- Data section -
··········

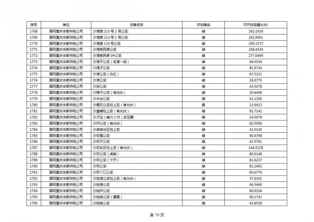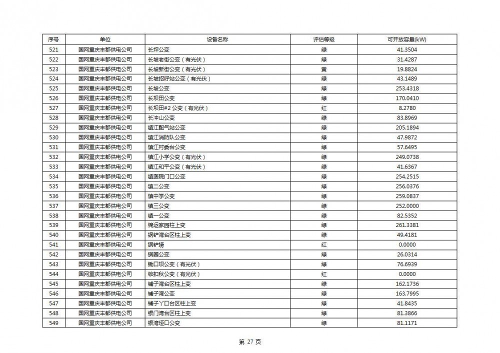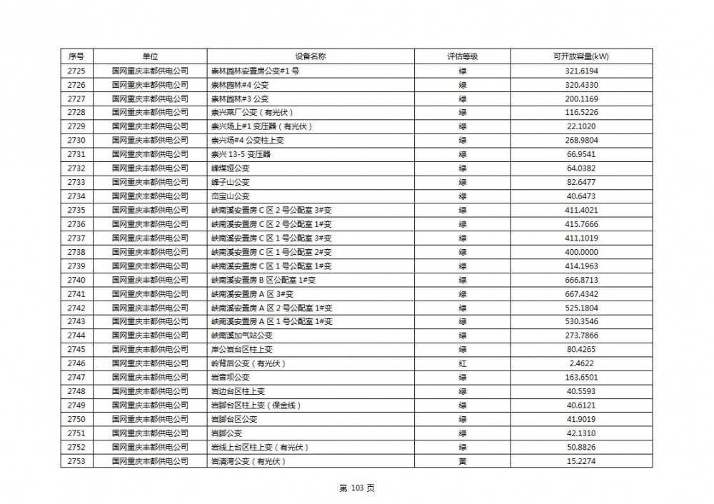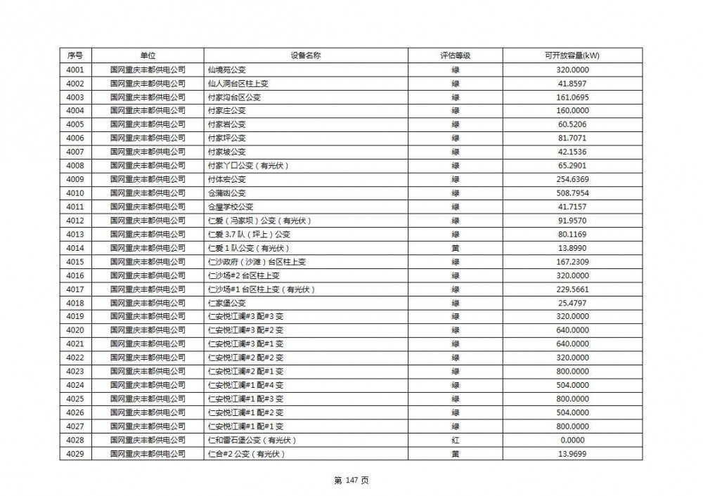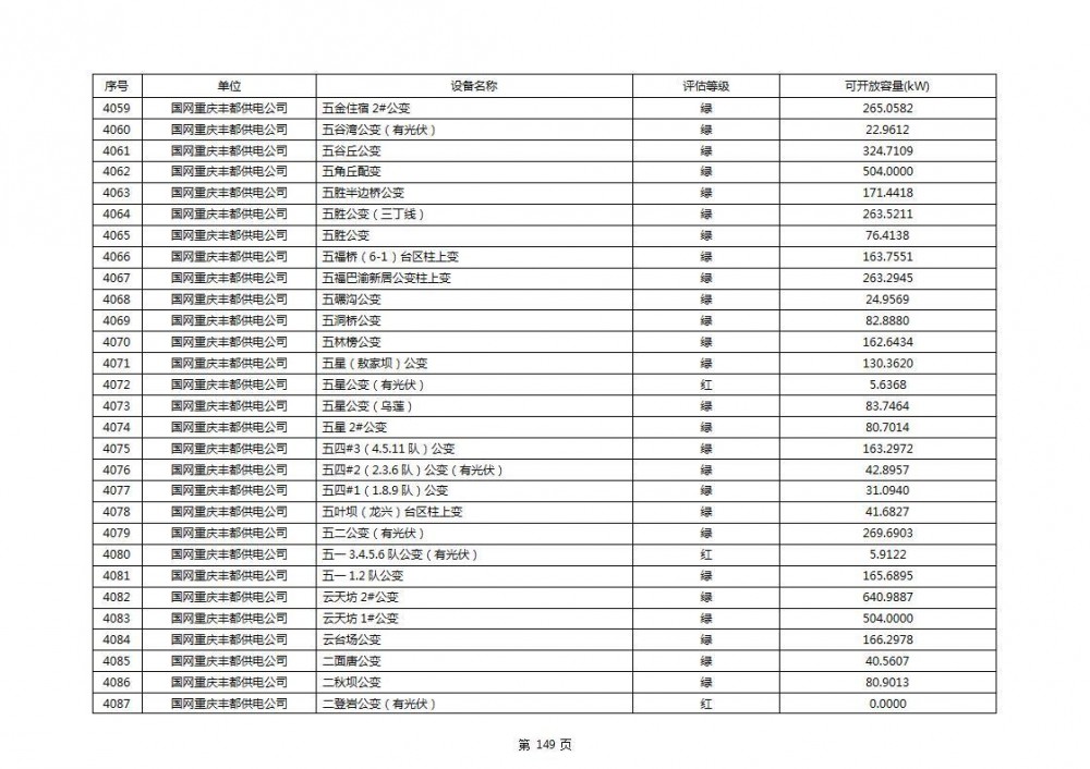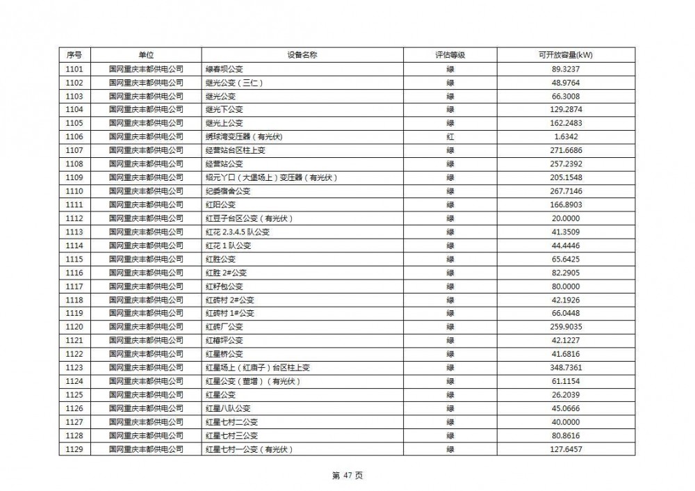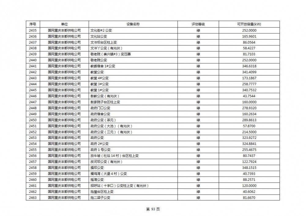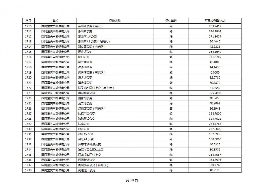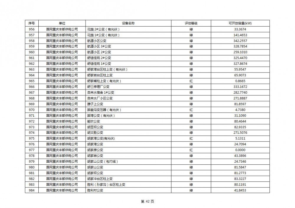 根据公示文件,丰都县10kV线路33个主变全部为绿色,可开放容量651.256MW。126个线路,仅一个黄区,其余全部为绿色,可开放容量为683.855MW。
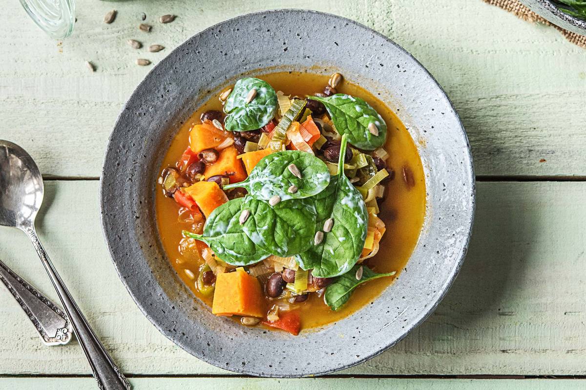 Hmmmm … Der Duft dieses herzhaften Süßkartoffel-Bohnen-Chilis hat in Sekunden alle in unsere Ideenküche gelockt. Die Kombination aus Süßkartoffel, Porree und Jalapeños ist einfach himmlisch und bringt Dir heute die gute Laune direkt in Deine Küche. Abgerundet wird unser scharfes und ballaststoffreiches Power-Gericht mit Popeyes Lieblingsgemüse: Spinat. Nichts wie ran an den Kochlöffel und dann genießen!
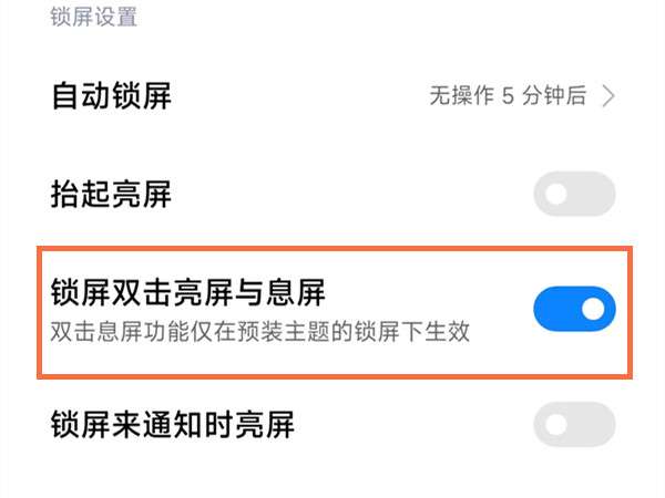 2、将锁屏双击亮屏与息屏的右侧开关开启即可。
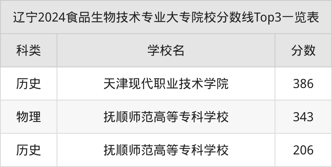 物理类最低收分为343分,对应的招生院校是抚顺师范高等专科学校。结合上述分析,历史类考生比物理类考生更容易上食品生物技术大专院校。

··········

- Exercise -
Print the material word for word; images are to be left out.

- Result of the exercise -
 根据公示文件,丰都县10kV线路33个主变全部为绿色,可开放容量651.256MW。126个线路,仅一个黄区,其余全部为绿色,可开放容量为683.855MW。
 Hmmmm … Der Duft dieses herzhaften Süßkartoffel-Bohnen-Chilis hat in Sekunden alle in unsere Ideenküche gelockt. Die Kombination aus Süßkartoffel, Porree und Jalapeños ist einfach himmlisch und bringt Dir heute die gute Laune direkt in Deine Küche. Abgerundet wird unser scharfes und ballaststoffreiches Power-Gericht mit Popeyes Lieblingsgemüse: Spinat. Nichts wie ran an den Kochlöffel und dann genießen!
 2、将锁屏双击亮屏与息屏的右侧开关开启即可。
 物理类最低收分为343分,对应的招生院校是抚顺师范高等专科学校。结合上述分析,历史类考生比物理类考生更容易上食品生物技术大专院校。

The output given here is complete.